Well, I’ve been writing about nothing but my birthday for a solid month now, and I’m beginning to feel like an egomaniacal prick, so today’s article offers something a little different. Inspired by the last few paragraphs of this post, my pal Ryan and I have decided to gaze into the future and review several Beers of Tomorrow! as shown to us by our “time machine” (an affectionate nickname for the beers of today). So put on your vacuum-sealed space masks, folks; this article is going to suck the oxygen right out of your lungs. Because you’ll be laughing so hard. Or something. Uh … I’ll let you start, Ryan.

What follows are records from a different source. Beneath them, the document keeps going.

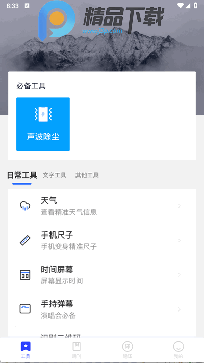 纺余工具盒是一款多功能手机工具箱软件,为用户提供声波除尘、日常工具、文字工具、其他工具、拍照翻译、语言翻译等功能,为用户提供了极大的便利,无论是学习、工作还是日常生活都有极大用处,有需要的用户可以下载一个。
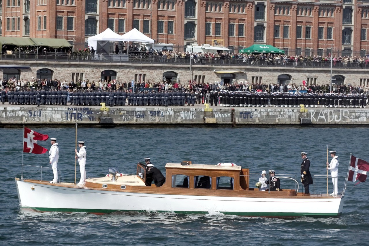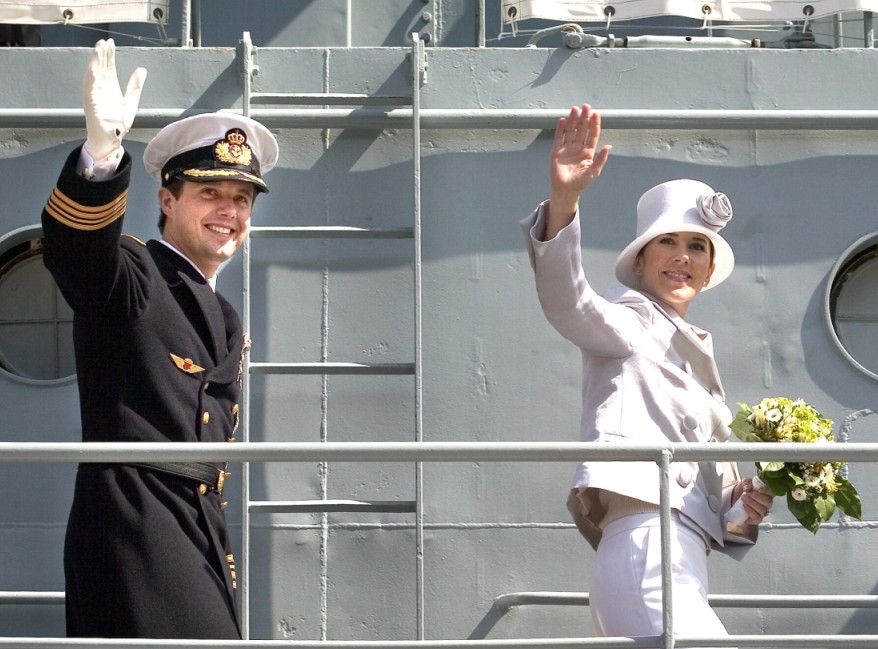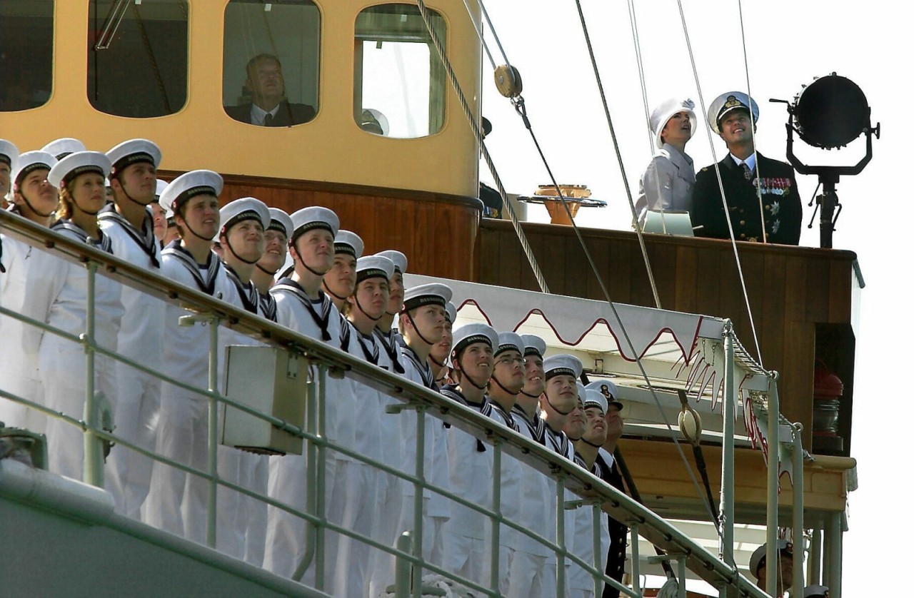 On continue avec les festivités pre-mariage de Frederik et Mary où le 5 mai 2004 ils ont assisté et présidé une parade militaire à bord du Dannebrog. Tous les corps militaires étaient représentés.....
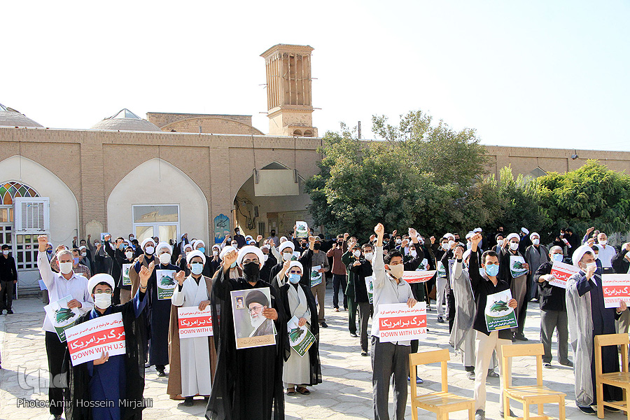 طلاب و شهروندان یزدی با تجمع در مدرسه علمیه مصلی، توهین نشریه «شارلی ابدو» فرانسه به ساحت مقدس پیامبر اسلام (ص) را محکوم کردند.
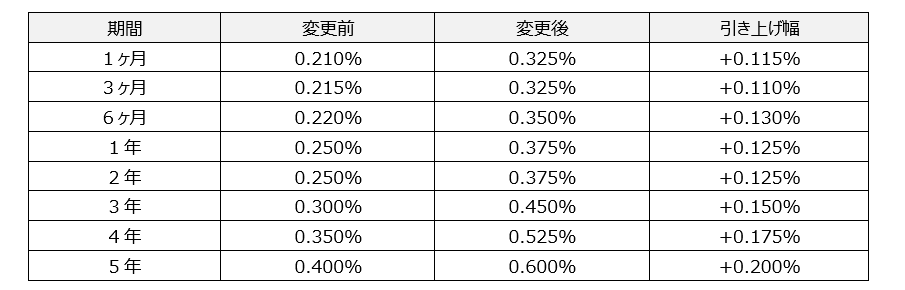 2.引き上げ内容    :  以下の通り ※表示利率は税引き前となります。
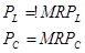 2) Мы знаем, что максимизация прибыли происходит тогда, когда предельный доход MR равен предельным издержкам МС. Применительно к нашей ситуации мы видим, что количество нанимаемого труда, обеспечивающее максимальную прибыль, должно быть таким, чтобы ставка заработной платы, или цена труда Р, была равна предельному продукту труда в ДЕНЕЖНОМ ВЫРАЖЕНИИ MRP, или проще: PL = MRPL; это верно и капиталу PC = MRPC. Вывод: при использовании ресурсов на конкурентных рынках фирма реализует МАКСИМИЗИРУЮЩЕЕ ПРИБЫЛЬ СОЧЕТАНИЕ РЕСУРСОВ, если каждый вводимый фактор производства, используется до точки, в которой его цена равна его предельному продукту в денежном выражении:

Ryan’s Pick No. 1 | Red Planet Ale:

Hailing from Mars — yes I said it, a brewery actually brews beer on the surface of Mars — we have a very complex and delicious red beer from the planet of the same color. Behind the oxygen-pumping walls of the highly secure and aptly named Total Recall Brewery we find a beer with very interesting ingredients. Brewed with water from the melted ice caps of mars and hops that were imported from the rare and vacuous edges of space — it seems that the aforementioned hops were accidentally shot into space on the heels of a space shuttle and have been floating there for ages and, frozen in the deep cold of endless black, yielded a citrusy cold taste that is unmatched. But regardless of where it came from, it is very multifaceted. At first you are attacked with a smooth and drinkable flavor that, although very bitter, is surprisingly deep and refreshing. As it warms, the hoppiness becomes more and more apparent, and the once frozen waters of Mars add a degree of earthiness that is unheard of, which is odd since it isn’t from Earth. Also, I swear to you that I saw a Martian face in the foam as it dissipated in my glass.

Alien images aside, this beer is one of the more easily drinkable and incredibly tasty reds out there now (editor’s note: an ever-popular style, there are now more than 15 billion amber ales on the galactic market). Choose this one over the Sunspot Red or Space Station Amber that seem to saturate our Digital Grocery Purchasers (DGPs) and you will find a truly delicious beer, but don’t be surprised if little green men knock at your door… apparently, some of the ingredients were stolen from their underground lairs.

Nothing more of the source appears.